My point above was that making 5-8 Euros per communication transaction doesn’t sound so outlandish when you consider a lot more actual work goes into delivering a telegram than a similar transaction like the example I offered, in which the customer is paying for the privilege of doing all the typing themselves and then the receiving party (the camp) is paying for paper and printer costs, while the transmission costs between those two points is virtually nil.

Compared to sending a letter the Bunknote thing doesn’t seem that terrible. With a letter you have to attach a stamp ($0.46) and envelope/paper (another $0.04 lets say) so it’s only double the price. But the letter arrives there twice as fast–USPS average First Class Delivery is two days, as opposed to this system getting there guaranteed by the next morning.

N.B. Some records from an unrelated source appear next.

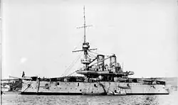 The Georgii Pobedonosets (1892) was part of a class of three ships of a very unusual design having the main guns on three barbettes grouped in a triangle around a central armored redoubt, two side-by-side forward and one on the centerline aft.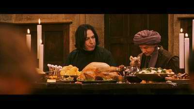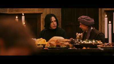 Snape is talking to Quirrell at the feast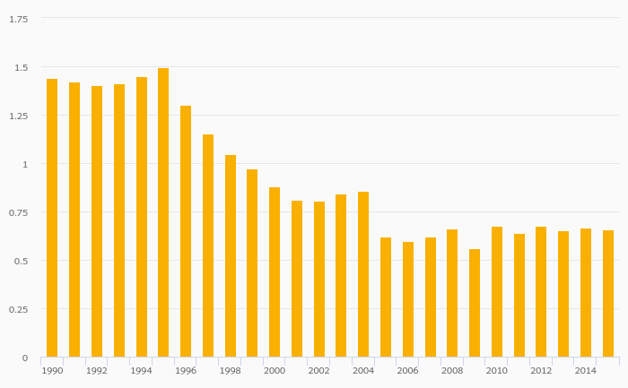 Agriculture, Value Added (As % of GDP) fell 1.24% to 0.656% in the United Kingdom in 2015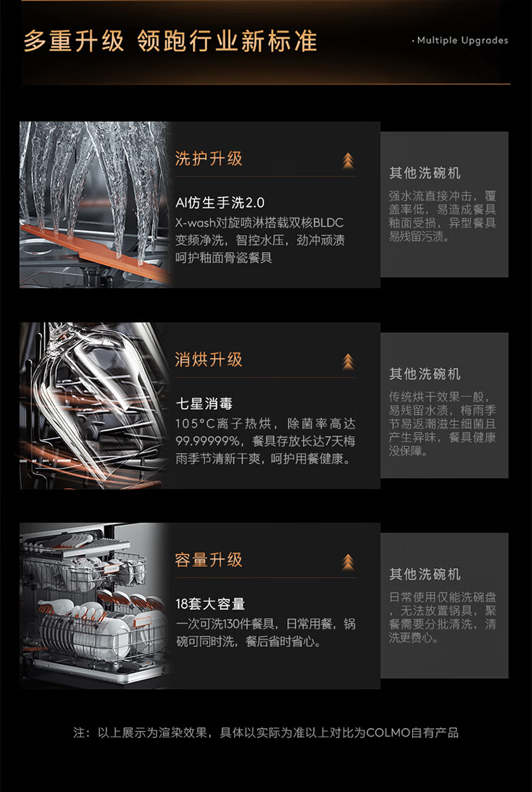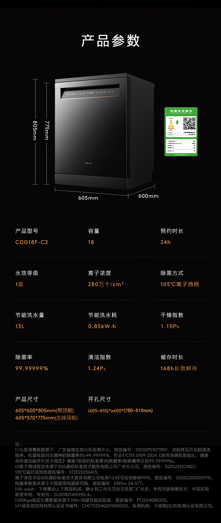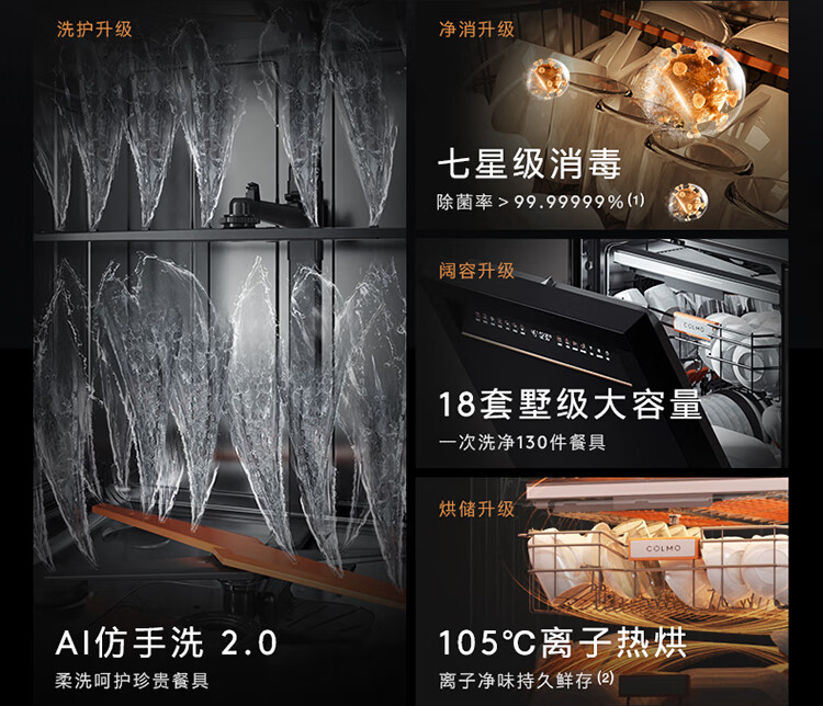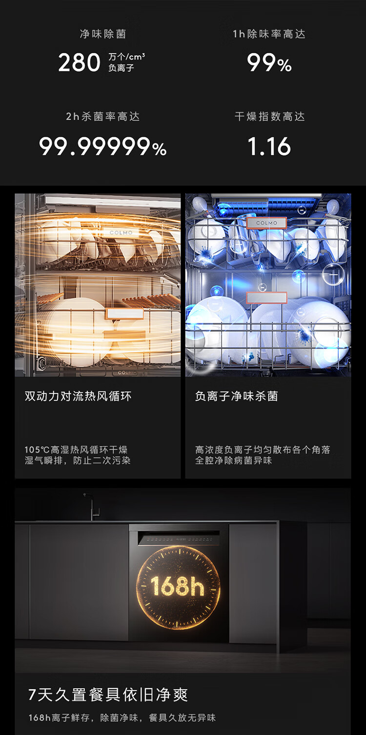 COLMO Black Pearl Dishwasher C2 Embedded CDG18F-C2 National Subsidy Home Appliances Level 1 Water Efficiency 18 Sets Capacity Bionic Hand Washing Single Disinfection Single Embedded Dual-use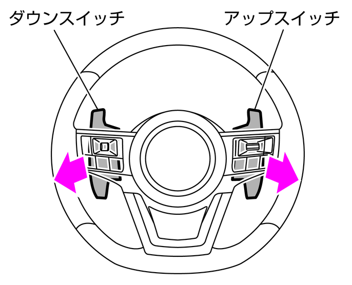 シフトポジションがDで走行中(約10km/h以上)のとき、パドルシフトで切り替えられます。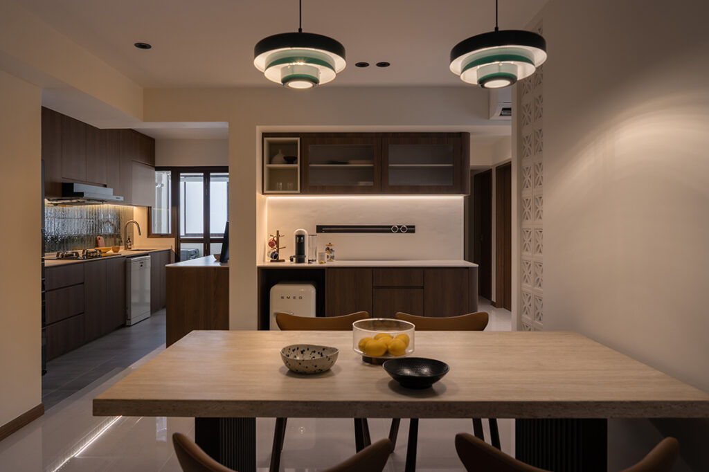 “As the unit is by the corridor, the homeowners wanted a divider at the entrance to provide privacy while keeping the house ventilated,” explains Daniel. Given the living room’s squarish layout, a solid wall would have made it feel smaller and less airy, so Daniel and his team used breeze blocks instead, which also double as the TV wall. To maintain visual continuity, the TV console was customised in a walnut finish to match the dining area, while light-toned walls quietly highlight the richness of the darker furniture pieces.”

I can’t feel that outraged about it, although charging $1 to add a Sudoku puzzle is nuts, I would never do that.

Sure it is kind of ridiculous compared to a much simpler system of having a dedicated “email machine” setup somewhere where kids can send and receive mail from their parents once per day, but camps aren’t about the most efficient solution to any problem. The whole point is to slow down and see the sights for a change.